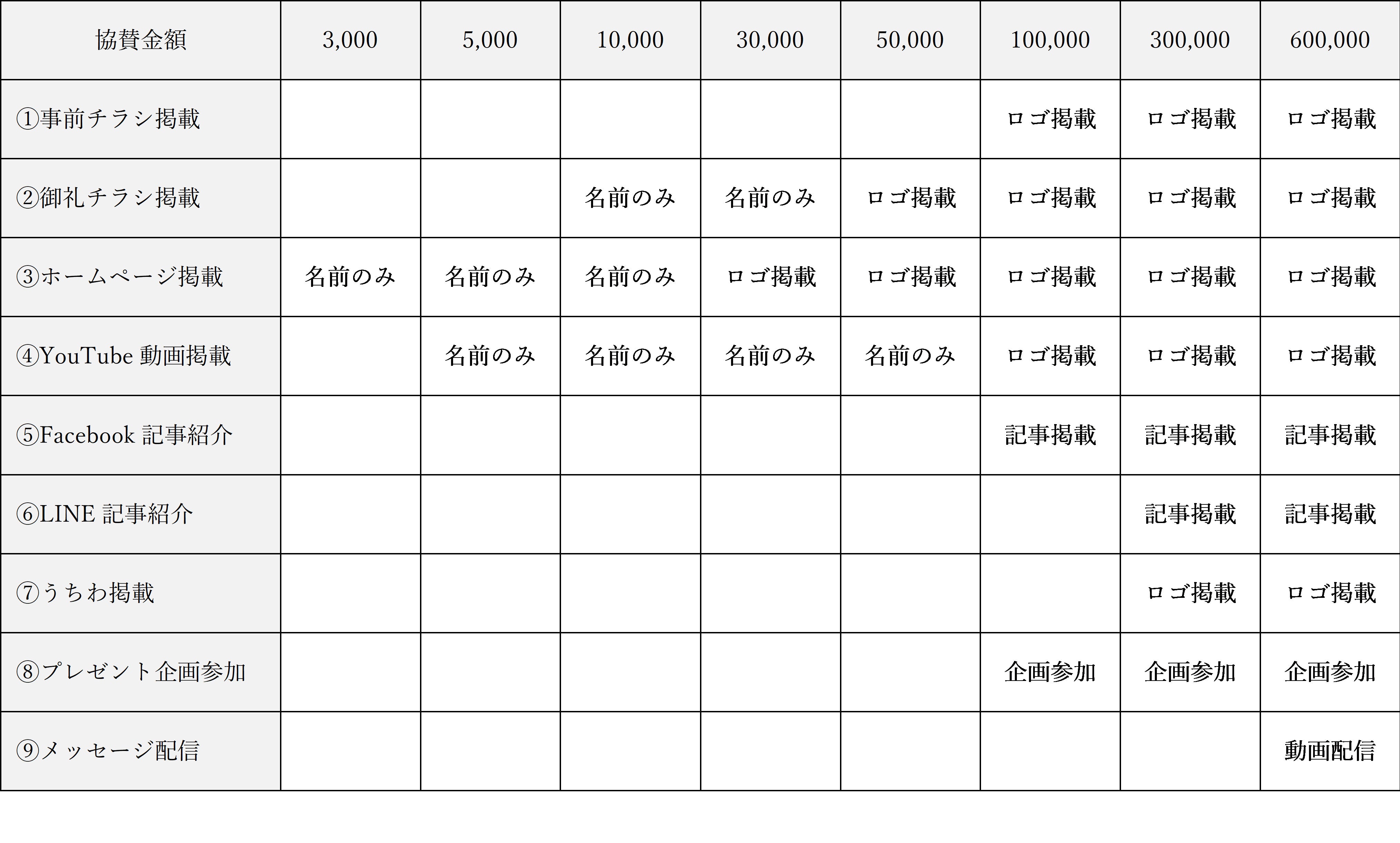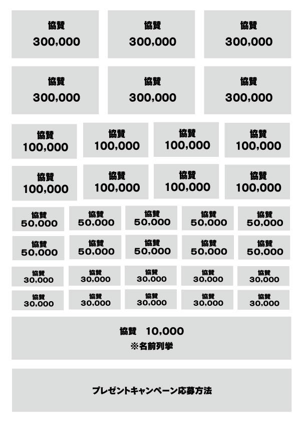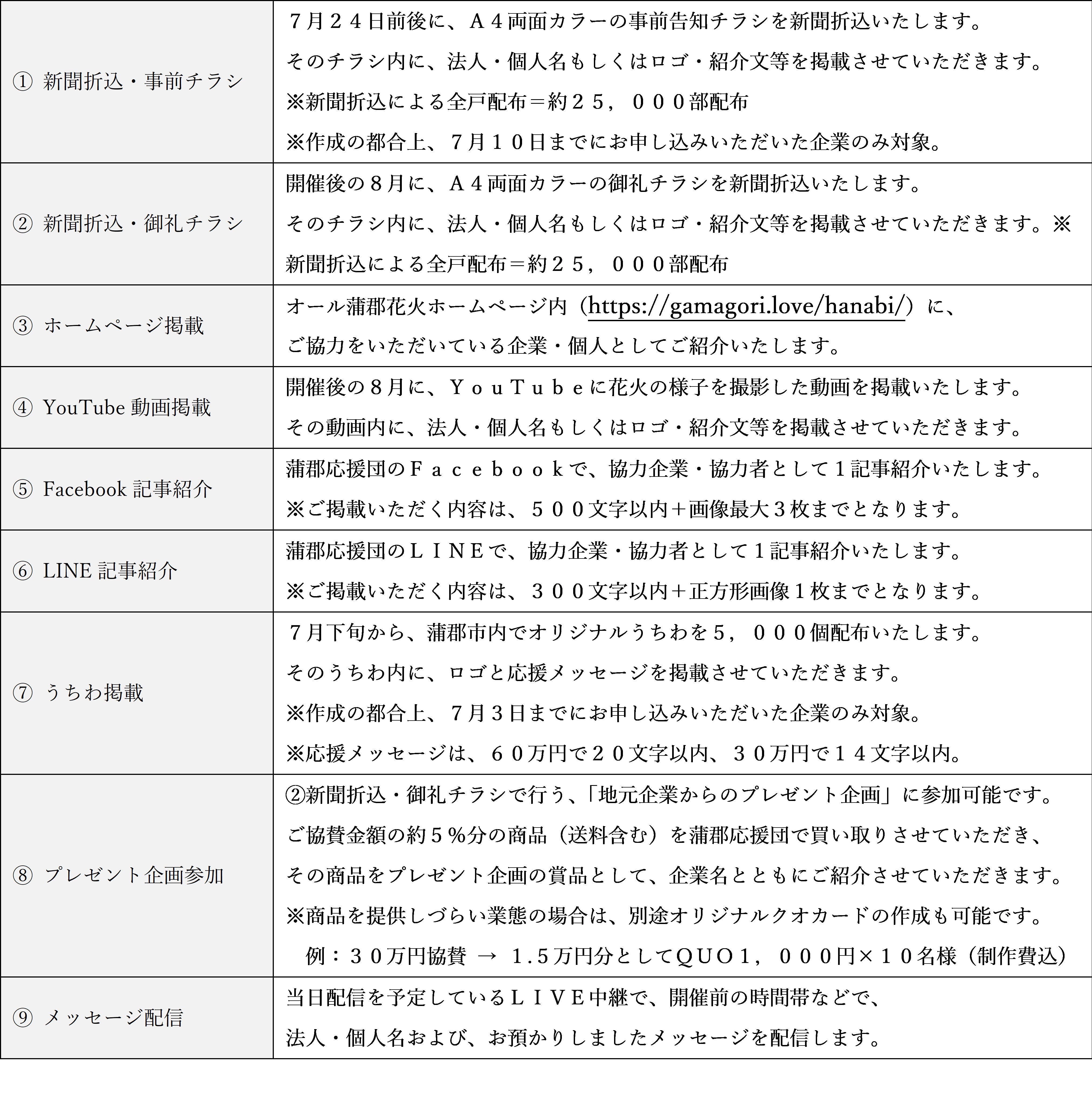 ※事前チラシ / うちわ は配布時期・準備の都合上、事前チラシ(7月10日)うちわ(7月4日)が掲載可能締切となります。上記期日を過ぎてしまった場合、対象金額をご協賛いただいても掲載できませんのでご了承ください。なお、それ以外の協賛特典に関しましては通常通り実施致します。
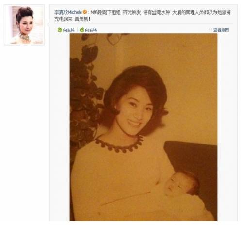 对了,这张可是李妈妈刚生产完的照片哦,容光焕发、没有水肿。李嘉欣自己都感叹,羡慕妈妈。
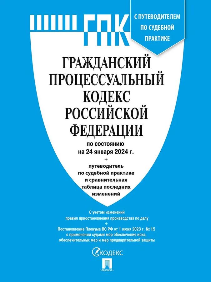 Текст Кодекса сверен с официальным источником и приводится по состоянию на 24 января 2024 г. с использованием общепринятых сокращений. Представленное вашему вниманию издание учитывает только изменения, внесенные опубликованными в официальных источниках на дату подписания издания в печать федеральными законами. Текст статей приводится на дату, обозначенную на обложке данной книги (дата актуализации). Если есть изменения, вступающие в силу позднее, то вместе с редакцией нормы, действующей на эту дату, приводится норма в новой редакции и указывается дата, с которой она вступает в силу. Издание содержит путеводитель по актуальной судебной практике Верховного Суда РФ, а также действующим постановлениям Пленума Высшего Арбитражного Суда РФ - соответствующие статьи кодекса помечены знаком , после которого приводятся название, реквизиты и пункты необходимого документа. В настоящем издании дополнительно приводится Постановление Пленума Верховного Суда РФ от 1 июня 2023 г. № 15 "О некоторых вопросах принятия судами мер по обеспечению иска, обеспечительных мер и мер предварительной защиты".
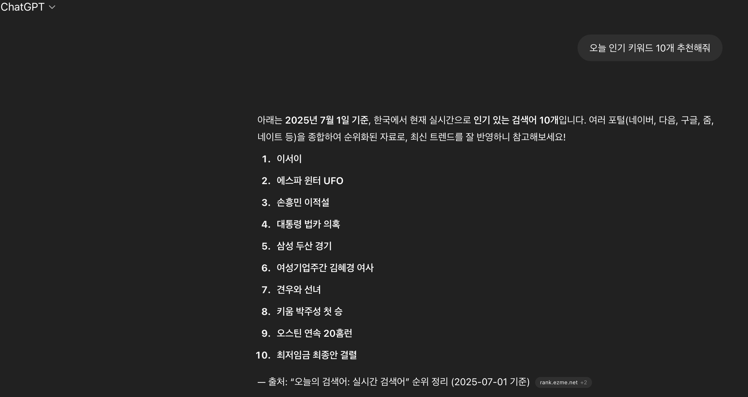 - 매일 새로운 소재가 고민이라면, GPT에게 “오늘 인기 키워드 10개 추천해줘”라고 물어보세요.
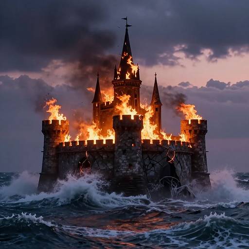 A highly detailed ASCII representation of a fantasy castle, featuring high-contrast monochrome and a crumbling ancient temple.
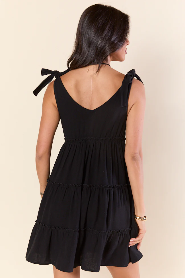 Sweetly Tied Black Tie Shoulder Mini Dress
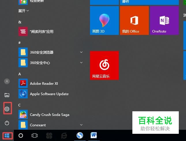 首先,我们点击电脑左下角的微软按钮,弹出的界面,我们点击设置;
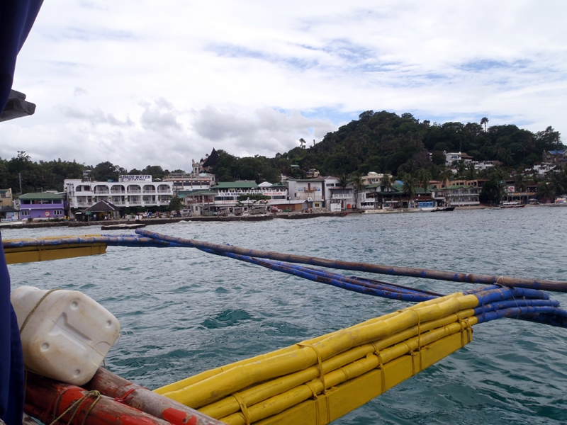 プエルトガレラ、サバンビーチの街並みです。いや〜、永かった。過換気を起こした女の子にとっては地獄のようなクルージングだったでしょう。今にして思えばスリル満点? こんな経験もフィリピンならでは.....。しかし港が混んでいるのか? 沖合でまた15分くらい待たされました。
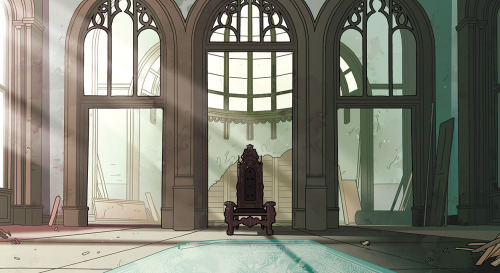 Description: An illustration of an abandoned throne room, cast in early morning light.

══════

» **Your task**
All of the records above should be written out exactly, with the pictures left out.

» **Finished task**
 ※事前チラシ / うちわ は配布時期・準備の都合上、事前チラシ(7月10日)うちわ(7月4日)が掲載可能締切となります。上記期日を過ぎてしまった場合、対象金額をご協賛いただいても掲載できませんのでご了承ください。なお、それ以外の協賛特典に関しましては通常通り実施致します。
 对了,这张可是李妈妈刚生产完的照片哦,容光焕发、没有水肿。李嘉欣自己都感叹,羡慕妈妈。
 Текст Кодекса сверен с официальным источником и приводится по состоянию на 24 января 2024 г. с использованием общепринятых сокращений. Представленное вашему вниманию издание учитывает только изменения, внесенные опубликованными в официальных источниках на дату подписания издания в печать федеральными законами. Текст статей приводится на дату, обозначенную на обложке данной книги (дата актуализации). Если есть изменения, вступающие в силу позднее, то вместе с редакцией нормы, действующей на эту дату, приводится норма в новой редакции и указывается дата, с которой она вступает в силу. Издание содержит путеводитель по актуальной судебной практике Верховного Суда РФ, а также действующим постановлениям Пленума Высшего Арбитражного Суда РФ - соответствующие статьи кодекса помечены знаком , после которого приводятся название, реквизиты и пункты необходимого документа. В настоящем издании дополнительно приводится Постановление Пленума Верховного Суда РФ от 1 июня 2023 г. № 15 "О некоторых вопросах принятия судами мер по обеспечению иска, обеспечительных мер и мер предварительной защиты".
 - 매일 새로운 소재가 고민이라면, GPT에게 “오늘 인기 키워드 10개 추천해줘”라고 물어보세요.
 A highly detailed ASCII representation of a fantasy castle, featuring high-contrast monochrome and a crumbling ancient temple.
 Sweetly Tied Black Tie Shoulder Mini Dress
 首先,我们点击电脑左下角的微软按钮,弹出的界面,我们点击设置;
 プエルトガレラ、サバンビーチの街並みです。いや〜、永かった。過換気を起こした女の子にとっては地獄のようなクルージングだったでしょう。今にして思えばスリル満点? こんな経験もフィリピンならでは.....。しかし港が混んでいるのか? 沖合でまた15分くらい待たされました。
 Description: An illustration of an abandoned throne room, cast in early morning light.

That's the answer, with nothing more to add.